- **Dataset entries**:
————————
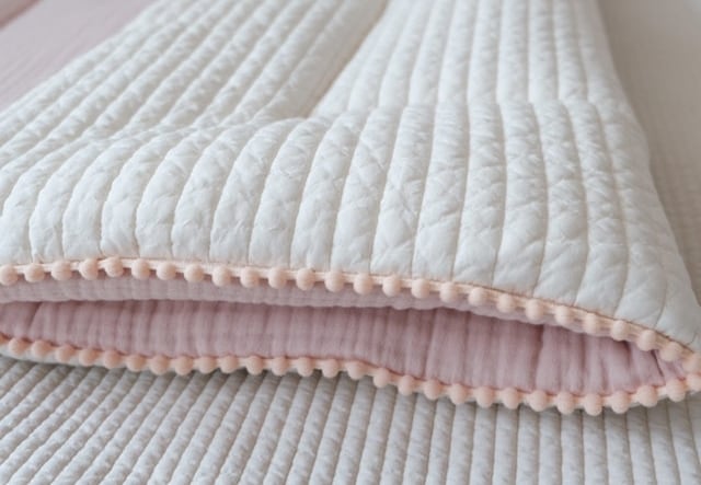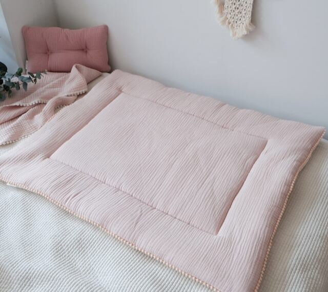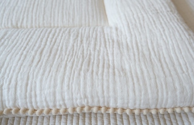 100番手のプレミアムイブル生地と3重のガーゼ生地を使ったお昼寝パッドです。中綿入りでふんわり、一年中安心してお使いいただけます。シンプルな無地に端のポンポンの装飾が可愛らしいお品です。インテリアの邪魔をせず、ご家庭で長くご使用いただけますね。
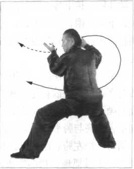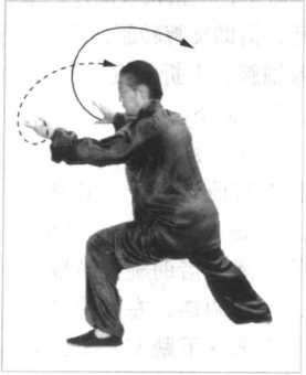 画下弧运展至腹前约40厘米。气聚轴腕,内搠外折,肘向里合, 高与腹脐平,手指直向左前方,掌心向左;左手人劲变为逆缠, 坐腕旋转,借助旋腕转膀之劲,画下弧运展至身体左前上方约45 厘米,气聚轴腕,外拥内折,肘微里合,高与眼平,手指松直向 前偏上,掌心向左。
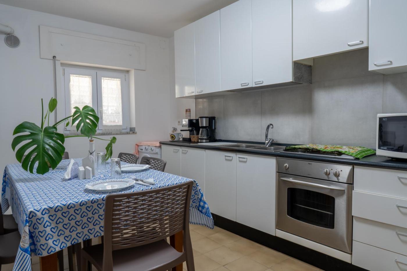 Questa casa vacanze comprende 1 camera da letto, una cucina con frigorifero e forno e 1 bagno con bidet,di cortesia e lavatrice. Presso questa casa vacanze troverete asciugamani e lenzuola in dotazione.
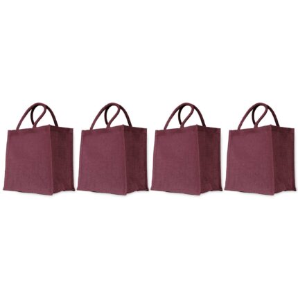 4 Jute Reusable Shopping Bags – Deep Red, Pink, Green, Orange 12″x12″x8″
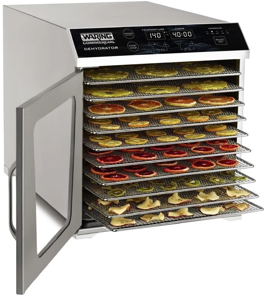 Дегидратор Waring WDH10E используется на предприятиях общественного питания, торговли и пищевых производствах для сушки овощей и фруктов. Модель оснащена электронным управлением, таймером, направляющими и распашной дверцей. Материал корпуса и сетки - высококачественная нержавеющая сталь, материал дверцы - закаленное стекло.
————————
- **Required action**:
Find the line that contains "Questa casa vacanze comprende", then write out that line and each one after it, exactly and with nothing else, through the end of the entries above, without the pictures.

- **Answer below**:
 Questa casa vacanze comprende 1 camera da letto, una cucina con frigorifero e forno e 1 bagno con bidet,di cortesia e lavatrice. Presso questa casa vacanze troverete asciugamani e lenzuola in dotazione.
 4 Jute Reusable Shopping Bags – Deep Red, Pink, Green, Orange 12″x12″x8″
 Дегидратор Waring WDH10E используется на предприятиях общественного питания, торговли и пищевых производствах для сушки овощей и фруктов. Модель оснащена электронным управлением, таймером, направляющими и распашной дверцей. Материал корпуса и сетки - высококачественная нержавеющая сталь, материал дверцы - закаленное стекло.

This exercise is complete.